Treaty of Concordia
- Signed: 23 March 1648; 375 years ago
- Location: Mount Concordia
- Signatories: Robert de Longvilliers Martin Thomas
- Parties: France; Dutch Republic;

= Treaty of Concordia =

1648 treaty dividing the island of Saint Martin

The Treaty of Concordia, or the Partition Treaty of 1648, was signed on 23 March 1648, between the Kingdom of France and the Dutch Republic and divided the island of Saint Martin.

==Signature==
The treaty was signed atop Saint Martin's Mount Concordia by the two governors of the island, Robert de Longvilliers for France and Martin Thomas for the States General of the Netherlands. It divided Saint Martin between the Kingdom of France and the Dutch Republic; the peoples of St. Martin were to co-exist co-operatively.

The treaty was signed because of economical, strategical and geographical backgrounds, first and foremost a joint aversion against the Spanish that occupied the island from 1633 to 1648. The French kept the area that they occupied and the coast facing Anguilla, and the Dutch kept the area of the fort and the land around it on the south coast.

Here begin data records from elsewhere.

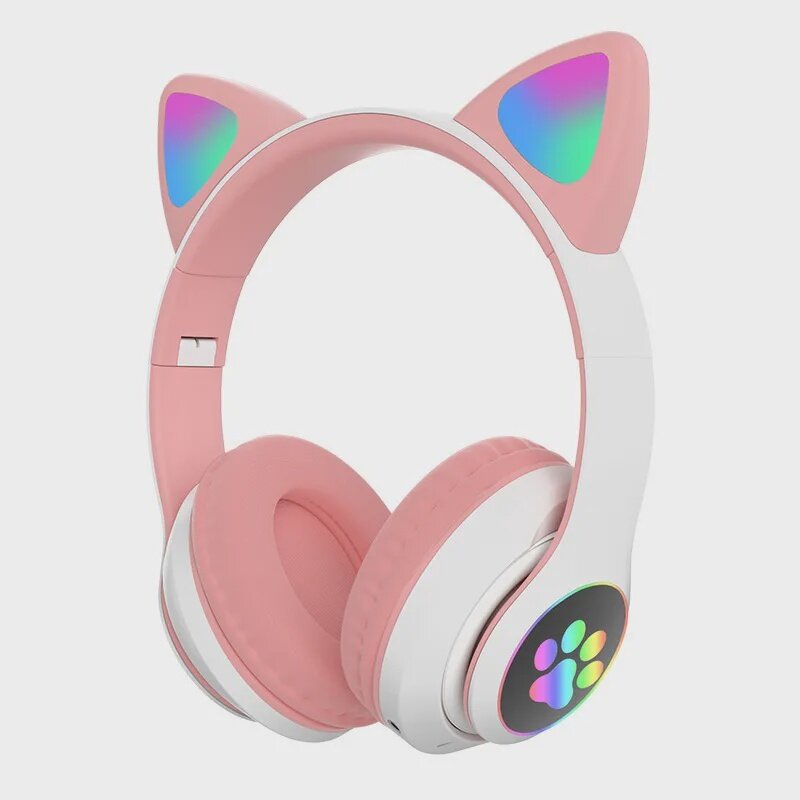 Беспроводные наушники "Кошачьи ушки", светящиеся, CAT STN-28 (розовые)
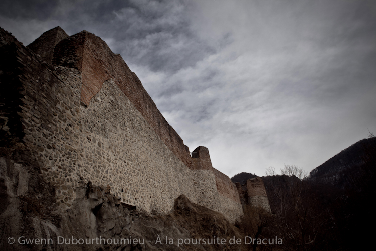 Par citadelle, il faut entendre lieu de refuge inextricable, et cela relève encore de l’euphémisme. De fait, il s’agit d’un petit bastion perché au cœur des Carpates : une tour et une centaine de mètres de rempart protégeant les quelques pièces nécessaires pour s’y réfugier. L’hypothèse qu’il s’agisse de la demeure du voïévode est bien éloignée de la réalité car, de fait, Vlad Tépès passa plus de temps dans des maisons citadines que dans des châteaux, et surtout pas celui-ci, esseulé sur son promontoire au beau milieu des montagnes. D’ailleurs, ici ne vécurent réellement que la demi-douzaine de soldats assignée à sa garnison. Abandonnant la Dacia sur le bord de cette route perdue, nous gravissons les 1480 marches qui mènent à cette citadelle accrochée comme par magie à son morceau de rocher pour dominer les deux vallées qui s’étendent de part et d’autre et ainsi assurer la garde de la frontière entre la Valachie et la Transylvanie. En contemplant ces ruines et leur improbable position, tandis que je reprends mon souffle, j’ai une pensée pour ceux qui la rebâtirent : les boyards (la version médiévale d’un riche propriétaire terrien, un terme encore utilisé aujourd’hui dans les campagnes roumaines) de Brasov que Vlad Tépès réduisit en esclavage et fit travailler à la reconstruction de l’endroit jusqu’à ce que mort s’ensuive.
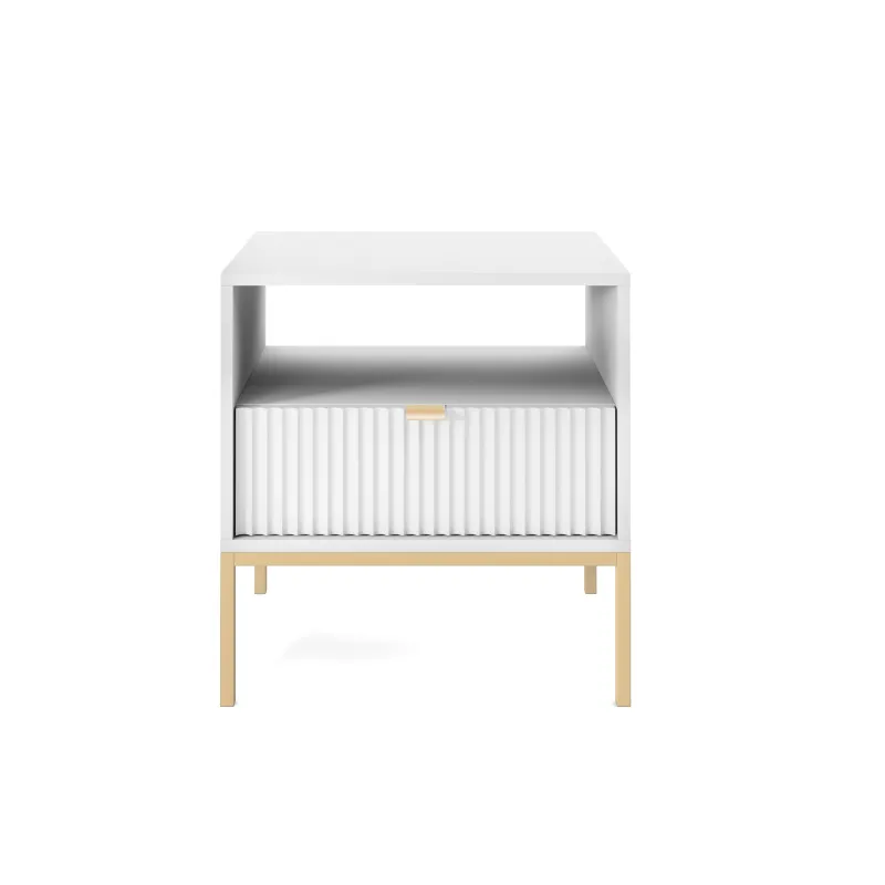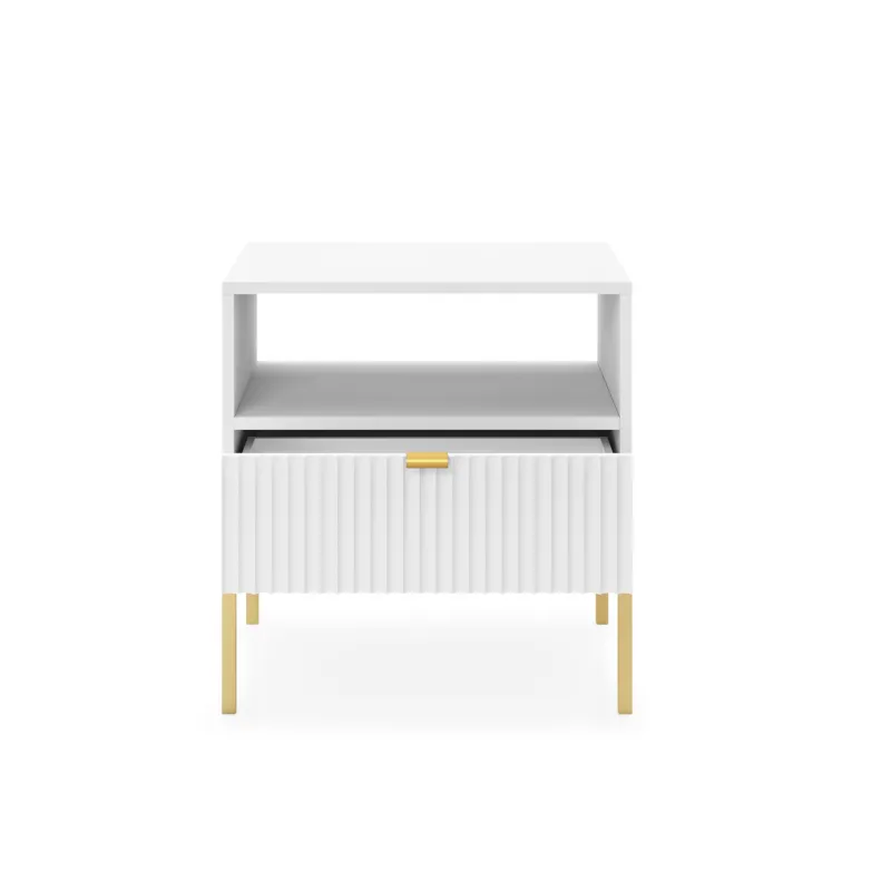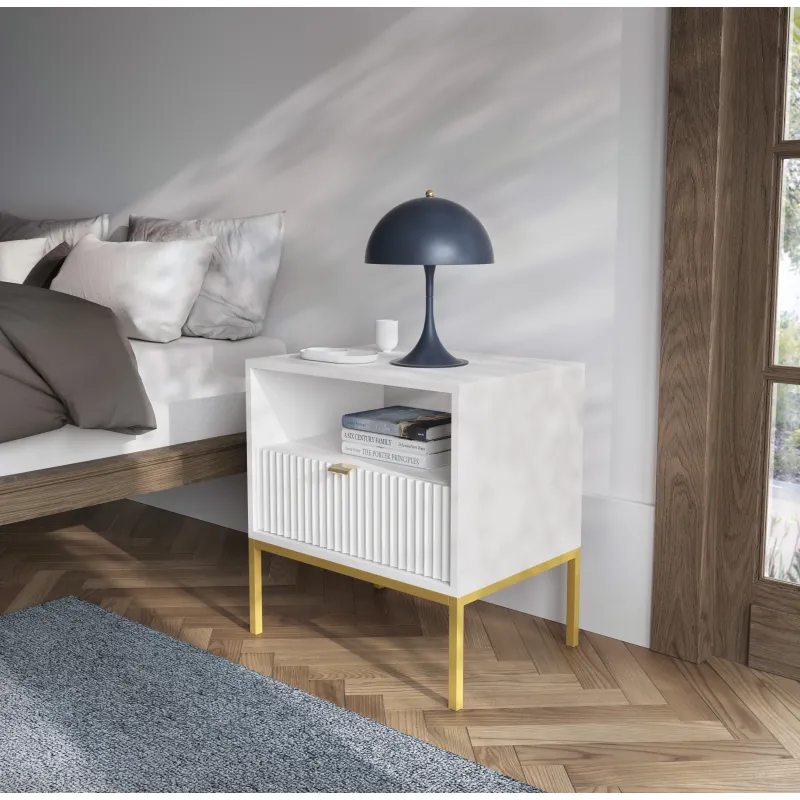 Stylowa szafka Nova do sypialni to doskonały wybór dla osób ceniących nowoczesny design i funkcjonalność. Wykonana w eleganckim białym kolorze, szafka doskonale wpisuje się w trendy współczesnego urządzania wnętrz. Jej unikatowy, ponadczasowy kształt oraz podłużne, ozdobne frezowanie na frontach nadają jej wyjątkowego charakteru, co z pewnością zwróci uwagę każdego gościa.

The inhabitants would share the natural resources of the island.

Despite the treaty, France and the Netherlands continued to dispute the ownership of the island until 1817, when the borders on the island were finally set. Various zones that the treaty left unclear pertaining the exact location of the border, were finalized only in 2023. The lagoon in Oyster Pond was the most disputed area until that year.

== Validity ==
Questions as to its validity have arisen several times in the past and continue to cause issues. Research was supposed to be undertaken by the French Ministry of Foreign Affairs about it.

At the time of the treaty, agreements signed between representatives of the monarch had to be registered at the King's Council. That essential formality was never performed, but it seems that, on many occasions, French civil law recognised the validity of the agreement.

The treaty has always been fairly applied in practice and is referred to in the following texts:
- Franco-Dutch Convention of 28 November 1839. (See French text)
- French side gubernatorial Order of 11 February 1850 about the rules on the salt trade and use, whose Article #32 states:

The inhabitants of the French side of St. Martin will enjoy the ability to consume and export abroad salts harvested by them on the Dutch side, this under the terms of the Treaty of 1648.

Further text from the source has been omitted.